Call Of Duty burst onto the gaming scene in 2003 as a premier World War II shooter. Now, nearly 15 years later, the series returns to its roots with Call Of Duty: WWII.

Renewing A Legacy

When first conceptualized in 2014, a World War II-themed game wasn’t even a blip on the radar for Sledgehammer Games, one of three Call of Duty studios under the Activision umbrella. How did three years of iteration and historical passion spawn one of 2017’s most anticipated games?

“Sledgehammer wanted to make Advanced Warfare 2,” Activision CEO Eric Hirshberg told Newsweek.  A sequel to 2014’s Call of Duty: Advanced Warfare seemed obvious, as it was regarded positively by fans and critics alike. But Hirshberg and his colleagues saw a deeper trend emerging from their millions-strong audience. Many fans called for the franchise to return to its real history roots; the first six installments of the multi-billion dollar franchise were all set during World War II. And he was confident that Sledgehammer would be the studio to go there. “We knew they would become historians, that they would tackle it with authenticity, give it tremendous care and we also knew they would capture the unspeakable scale of World War II.”

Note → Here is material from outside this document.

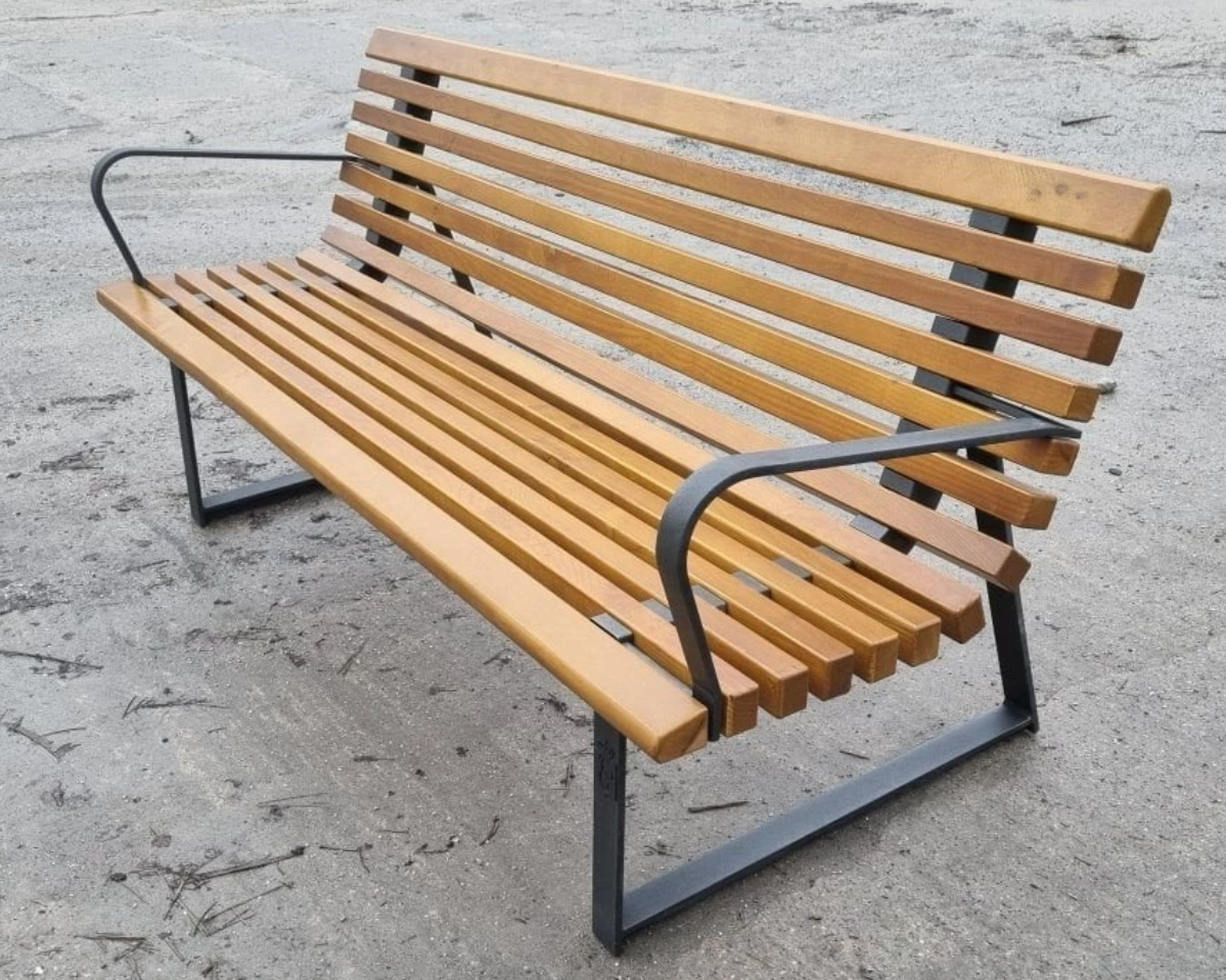 Oferta dotyczy 1 sztuki ławki stalowo-drewnianej z oparciem i podłokietnikami o długości 1800 mm.

That unspeakable scale comes through understanding not just the conflict itself, but also Call Of Duty: WWII’s slate of brand new features. “What I love about this game is that anyone's who's looking forward to going back to the roots, the gritty, human-scale, boots-on-the-ground, militaristic, authentic experience that Call Of Duty is known for, this game delivers it in a big way,” Hirshberg said.

To capture that retro essence for today’s audience, WWII brings new innovations in multiplayer. Its new Headquarters social hub unites large groups of players between matches. If you’re tired of realistic combat, there’s also a reworked version of the fictional Zombies mode with greater emphasis on visceral horror.

But it's the scripted single-player campaign where Call of Duty: WWII finds its historical footing. The narrative follows Ronald “Red” Daniels and his ragtag squad of soldiers from the U.S. First Infantry Division. These personalities are fictional, but the social pressures and battles they face are ultimately very real. From American anti-semitism to the liberation of Paris, Sledgehammer rigorously sought to convey the brutality of the world’s greatest conflict.
 

COD 1 Headquarters lets people play Call Of Duty with friends in a whole new way. Activision

An Emphasis On Authenticity

“When you're making an interactive game with a story based in fiction, you always have the balancing act between authenticity and creative license,” Hirshberg told Newsweek. To flesh out that authenticity, Activision enlisted the help of World War II historian and renowned author Martin K.A. Morgan. From the bombast of the beaches of Normandy to the untold story of the French resistance, Morgan traveled with creators, introduced them to the territory and helped select the most pivotal moments for a strong playable narrative.

COD 2 The campaign of Call Of Duty: WWII starts at D-Day and stretches through the European theater. Activision

Activision put Morgan’s expertise to the test by inviting four World War II veterans to speak to its teams in the days before launch. Hirshberg described the event with great enthusiasm.

“We think it's daunting to show our games to our fans, and here we were showing it to people who actually stormed the beaches of Normandy, who actually fought through the Hürtgen Forest and we're showing them those levels from the game,” he said. “It was an incredibly gratifying experience. After the lights came up, these gentlemen looked at us and said 'yup, you got it right!' It was one of those human moments where something you're making for entertainment purposes intersects with real life in a pretty impactful way.”  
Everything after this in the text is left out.